See Notifications for wiring the published SendCircuitNotification listener to your notifiables.

CircuitOpenException

Integrations\Exceptions\CircuitOpenException carries the integration, the open-at timestamp, and the cooldown so callers can decide whether to surface a friendly error or just log:

php
try {
    $integration->stripe()->refunds()->create(/* ... */);
} catch (CircuitOpenException $e) {
    // Don't bother retrying inside this request; the breaker just told us
    // the integration is down. Stash the work for later instead.
    DeferRefund::dispatch($refundRequest)->delay(now()->addMinutes(2));
}

It's intentionally not retryable: the retry handler returns false for it, so a withAttempts(3) chain immediately throws to the caller without burning attempts on a known-failed integration.

Composition with other resilience features

Order of checks before a request fires:

  1. Cache (response cache hit short-circuits everything).
  2. Circuit breaker.
  3. Rate limiter (including the adaptive suppression window).
  4. The user closure.

The breaker check happens before the rate limiter so an open breaker doesn't waste rate-limit budget on requests that would never reach the upstream anyway.

State is stored in Laravel's cache (the same store used elsewhere by the package), keyed per-integration. That means breaker state is shared across queue workers: one worker tripping the breaker stops the others immediately, which is the point. (Runtime overrides live in the database, not the cache, so they outlast a cache:clear.)

The open to half_open transition uses an atomic probe slot (a separate cache key claimed via Cache::add()). When several workers see the cooldown expire at once, only one claims the slot and becomes the probe; the others throw CircuitOpenException until the probe outcome lands. If the probe crashes before recording success or failure, the slot expires after cooldown_seconds * 2 and a future request can claim it.

Tuning

If you're seeing the breaker trip too often:

  • Under the rate strategy, raise failure_rate_threshold or minimum_requests so a short burst of failures doesn't cross the line. Under the count strategy, raise threshold.
  • A flaky integration where 5xx is genuinely expected may want more retries with backoff rather than an open breaker.

If it doesn't trip when it should:

  • Check the failure is being classified as Upstream and not Client/Throttle/Unknown. An upstream that signals transient errors with an odd status, or an SDK exception core can't read, may need a provider ClassifiesFailures implementation.
  • Under the rate strategy, confirm the integration actually makes minimum_requests per window. See the low-volume warning.

Anomaly signal

The breaker protects the upstream — it short-circuits requests so a broken dependency isn't hammered. When to alert a human is separate: a failure rate over a window is the signal, and one event per incident is the cadence. Alerting per failed request just buries the operator in noise.

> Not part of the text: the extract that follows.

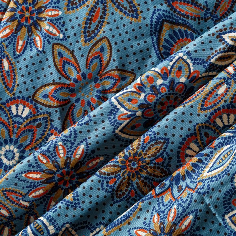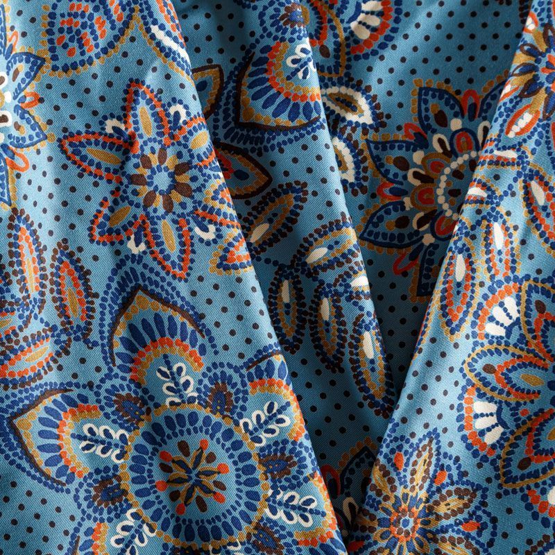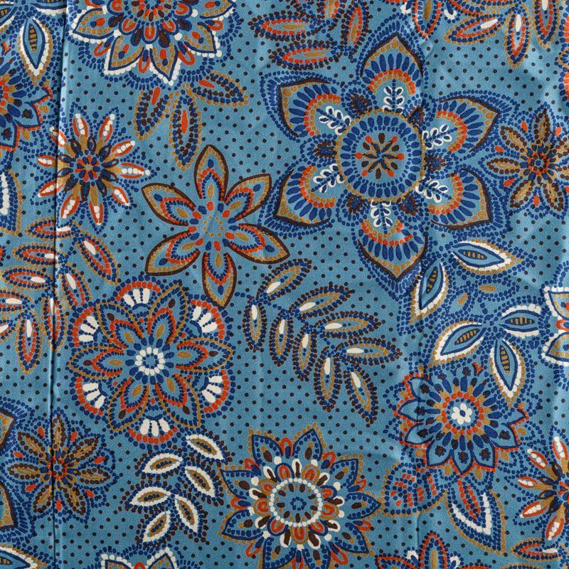 Плотная и мягкая ткань голубого оттенка со стилизованным цветочным орнаментом, имеет саржевое плетение и характерный диагональный рубчик на поверхности. Отлично сохраняет форму, не сильно мнется и не деформируется в процессе эксплуатации.  Красиво ложится в складки, поэтому прекрасно подойдет на длинные драпированные юбки и платья, на свободные брюки или шорты, топы.

integrations:evaluate-failures measures each active integration's failure rate over observability.anomaly_window_minutes from the persisted integration_requests rows. When the rate crosses observability.anomaly_failure_rate_threshold (with at least observability.anomaly_minimum_requests in the window), it dispatches ElevatedFailureRate once — no further event for that integration until the rate drops back, when FailureRateRecovered fires and re-arms it. The open/closed state is a durable column (integrations.anomaly_alerted_at), so a cache flush or a skipped run can't drop a pending recovery. Schedule it yourself:

php
Schedule::command('integrations:evaluate-failures')->everyFifteenMinutes();

The package emits the events; where alerts go (Sentry, Slack) is the consumer's call, like CircuitOpened and SyncItemFailed. The anomaly window is intentionally distinct from the breaker's time_window: the breaker reacts in seconds to protect the upstream, while alerting wants a longer view to avoid paging on a blip. The breaker's own live window rate is available for display via CircuitBreaker::inspect()['failure_rate'], which integrations:health surfaces.